H-Index & Metrics Best Publications

H-Index & Metrics

Discipline name H-index Citations Publications World Ranking National Ranking
Computer Science D-index 38 Citations 6,028 162 World Ranking 5048 National Ranking 478

Overview

What is he best known for?

The fields of study he is best known for:

  • Artificial intelligence
  • Computer vision
  • Machine learning

Ke Gu mainly focuses on Artificial intelligence, Computer vision, Image quality, Visualization and Distortion. His Artificial intelligence research is multidisciplinary, incorporating perspectives in Machine learning and Graphics. The concepts of his Computer vision study are interwoven with issues in Entropy and Brightness.

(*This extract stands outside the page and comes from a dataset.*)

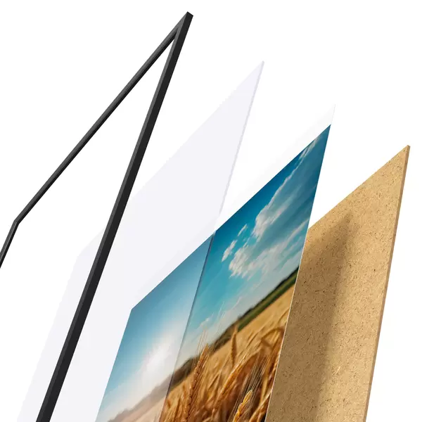 Plakāts sastāv no rāmja, pleksstikla, iespiestā attēla un skaidu plātnes pamatnes. Plakātu var uzreiz piekarināt pie sienas, pateicoties aizmugurē esošajiem stiprinājumiem.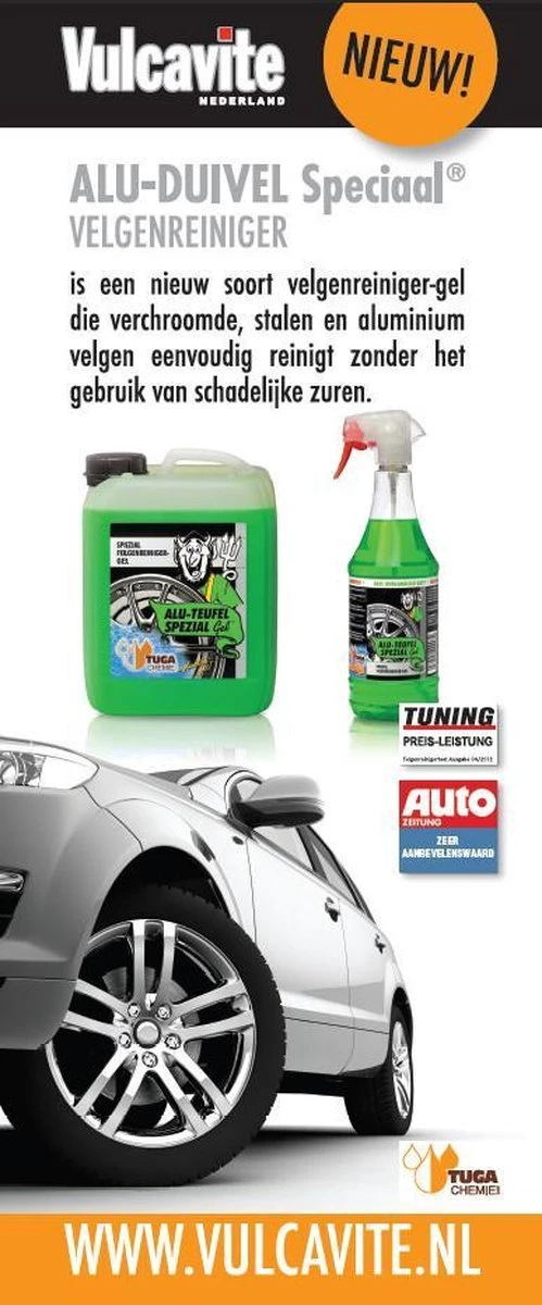 lu-Duivel-Speciaal® is een nieuw soort velgenreiniger-gel die eenvoudig verchroomde, stalen en aluminium velgen reinigt zonder het gebruik van schadelijke zuren.

His Image quality study combines topics in areas such as Similarity, Data mining, Transform coding and Feature extraction, Pattern recognition. The Pattern recognition study combines topics in areas such as Iterative reconstruction and Semantic gap. His Visualization research incorporates elements of Mixed reality, Virtual reality and Rendering.

His most cited work include:

  • Using free energy principle for blind image quality assessment (361 citations)
  • The Analysis of Image Contrast: From Quality Assessment to Automatic Enhancement (211 citations)
  • No-Reference Image Sharpness Assessment in Autoregressive Parameter Space (179 citations)

What are the main themes of his work throughout his whole career to date?

His primary areas of study are Artificial intelligence, Image quality, Computer vision, Pattern recognition and Distortion. Visualization, Human visual system model, Feature extraction, Image and Histogram are the subjects of his Artificial intelligence studies. He has included themes like Artificial neural network and Normalization in his Feature extraction study.

The Image quality study which covers Transform coding that intersects with JPEG. His Computer vision study frequently draws connections between adjacent fields such as Entropy. In the field of Pattern recognition, his study on Sparse approximation overlaps with subjects such as Scene statistics.

He most often published in these fields:

  • Artificial intelligence (82.95%)
  • Image quality (65.34%)
  • Computer vision (60.23%)

What were the highlights of his more recent work (between 2020-2021)?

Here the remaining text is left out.